The Raven alighted on the beach and took off his wings and beak and became a man. When walking along, the sharp mussel shells attached to the rocks cut and bruised his feet. The day was hot, the sun burned his naked body.

Raven was making his way to the village when he came upon the lodge where the Shadow People lived. When they saw him coming they said among themselves: "Here comes that twister of the truth, who is full of conceit and has so many cunning tricks. We will have to watch him."

When Raven entered their house he was glad to get from under the blistering sun as his feet were sore. Once inside Raven was surprised to see everything was so orderly and clean. Suspended from the racks on the beams hung salmon and halibut. The roof planks had been set back from the smoke hole, allowing the light to brighten up every nook and corner. What impressed him most that there was not a person to be seen. Raven thought: "I'll do a little snooping around."

There were other foods in abundance: fern roots, barks and berries, boxes of oolichan grease were standing in rows. He then observed that there was something following him wherever he went. Although he was not hungry he could not resist the temptation to help himself and finally he selected a nice red salmon.

Then Raven made his way to the elevated platform that surrounded the interior of the lodge and came to the Chief's carved cedar chest, covered with soft sea-otter and other furs. There he sat down in comfort and placed his salmon beside him while he examined his feet which troubled him painfully, but when he reached for his fish it was gone! He thought that this was a trick of his mind and that perhaps he had not brought it after all.

Going back to where the fish were hung, he selected another and went back to his seat, noticing all the time that a Shadow followed close to him, both going and coming. To have a stranger tag him like an evil spirit and be unable to see him was rather mystifying. Raven sat and pondered it over. He laid his salmon beside him and again it disappeared as before. This business of taking a fish and not having it to eat was getting puzzling. He tried a third and then a fourth time and it was then he discovered that the salmon he had taken were still

p. 57

hanging on their hooks. And still beside him on the floor was the same confusing Shadow.

Then he stamped and tramped it on the floor.

While a voice spoke up and said:
"You look to be well fed,
What are you going to do?
Where will this lead you to?"
Whence the questions came,
Raven could not name.
Their bodies were not plain;
He gazed and looked in vain.
Sane or insane was he!
Afraid to wait and see,
He limped toward the door
But, moving as before,
His angry Shadow wriggled.
The others laughed and giggled.
Raven knew ’twas near.
"Something strange is here,
I'll out, and quick away,
They'll have no more to say."

Raven then rambled about the village, passing people who did not appear to notice him and to make sure they did he approached close to where some children were playing games. They paid no attention to him for they did not realize what was on his mind or what he was trying to do. No matter where Raven went or what he did that day there was no escaping from his shadow.

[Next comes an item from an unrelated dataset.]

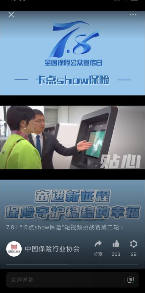 豐富多樣的線下活動,僅是太平人壽開展“7·8保險宣傳日”系列活動的一個側(cè)面。而另一個側(cè)面,太平人壽充分利用微博、抖音、視頻號等互聯(lián)網(wǎng)平臺,積極貫徹落實中國保險業(yè)協(xié)會組織開展的“卡點show保險”短視頻話題挑戰(zhàn)活動及“cue到我的幸福感@第10個7.8全國保險公眾宣傳日”網(wǎng)絡話題活動。
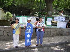 七年前的今天,法轮功学员开始蒙受了无名苦难,直至今日,数以千万计的法轮功学员,为了坚信“真、善、忍”,遭到中共残忍的虐杀、残酷的折磨,甚至发展到活体摘取法轮功学员器官盗卖、毁尸灭迹的恐怖暴行。为了制止这场惨无人道的迫害,为了唤醒人们的道德良知,不再被中共邪灵操控利用来迫害法轮功,七年来,澳门法轮功学员和全世界的法轮功学员一起冒着严寒、顶着酷暑,不断的向人们讲真相。这七年,澳门法轮功学员在景点讲真相活动,也经常遭到民政总署和警方的不同程度的干扰,法轮功学员呼吁人们特别是执法公务员切勿为了个人短暂的现实利益,屈服于中共恶党。

At last Raven found shelter in a place where there were a number of wooden images. There he stopped to rest from thinking and to find himself. Was he more clever than his own intelligence and was he stronger than his own self and would he always have this Shadow for a companion?

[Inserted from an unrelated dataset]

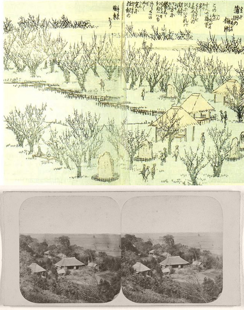 Utagawa Hiroshige (1797-1858), Plum Garden Kamata, from the book, Elon Edo Miyage, vol. 2, 1850, Woodblock Print, Height 18cm, Width 21cm, Image Courtesy of Columbia University / View of The Emperor’s Sporting Quarters, at Odji, ca. 1853. Photo by Pierre Rossier / Negretti & Zambra. Image Courtesy of University of Nagasaki via Old Photos Japan

Whether Raven found out all these things the Indians do not know, but his deeds and, still more, his conceit, have impressed the Haidas and Kwakiutls through the ages.

Raven rested his thoughts until his feet were better, then he assumed his bird-like shape and flew through the bright and happy skies seeking advice, for Raven had to live by mind and body. When flying high his shadow followed on the ground far below.